What high conflict parents can do to help their children:

High conflict coparenting happens when the relationship ends, and war begins. Children are frequently used as pawns in this emotionally bloody demolition. Children are forgotten in the parental fight and can suffer secondary trauma. This is the trauma experienced by children as bystanders where the fight becomes more important than the best interests of the child. Children find different ways to cope in a system with two parents who despise each other.

Children can be faced with issues that they lack the ability to deal with. They want to please each parent but find it impossible to do so all the time. They settle for short-term convenience; they learn to tell the adults what they think their parents want to hear. Their statements may differ entirely from what the child believes, but the child goes out of her way to avoid extended conflict.

In telling parents what they think the adults want to hear, the children develop the ability to lie quickly and convincingly. Without good parental role models, these children tend to have impaired relationships with peers, and to have little idea of what it means to have real friendships. Their expectations of friends can become quite distorted, and they don’t understand that relationships are based on kindness, cooperation and sharing. While longing for the safety of a close connection, they don’t really believe they are lovable, and lack the skills of how to obtain and maintain friendships.

You will see some of these children at break time playing all alone because they lack the outreach skills and confidence that their peers will like them. Others are so desperate to feel accepted that they will say or do anything to be part of the popular group. Some children from high conflict co-parents want to bring attention to how bad they feel but, like most children, lack the skills and the ability to truly stand up for themselves. They may bring attention to their situation by getting poor marks, using drugs, becoming defiant, withdrawing from the world, acting out in class and stop doing activities that normally bring them pleasure.

Then there are the children that strive for perfection to be loved and approved by their parents. They tend to be very hard on themselves and are rarely compassionate towards themselves or others.

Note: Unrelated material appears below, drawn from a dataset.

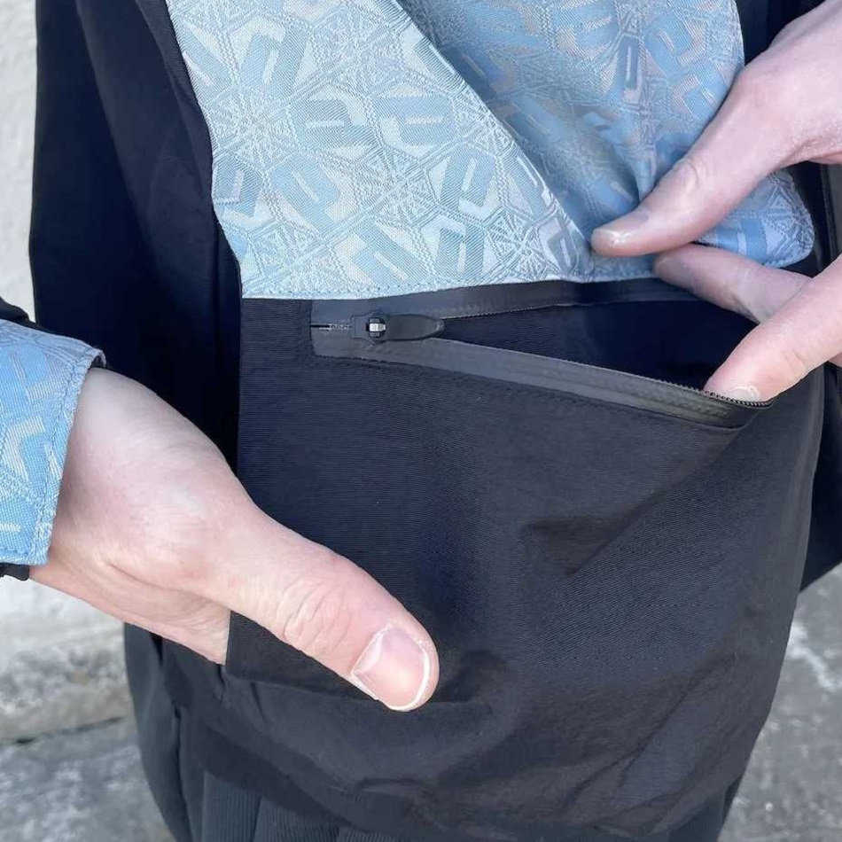 左袖口にはコラボレーションタグ。生地は撥水加工したナイロン生地と止水ファスナーを使用

These children often present as being mature, but in truth they are often emotionally and socially immature. They are frequently more needy; they have spent most of their lives learning how to please others without really learning how to look after their own needs. This leads adults to misread the child; thinking they are doing fine when, really, they are hurting inside.

Some children align themselves with one parent. These children get rewards from the parent they are aligning with. They feel that they must take a stand for the parent they are close with and keep the other parent out of the picture.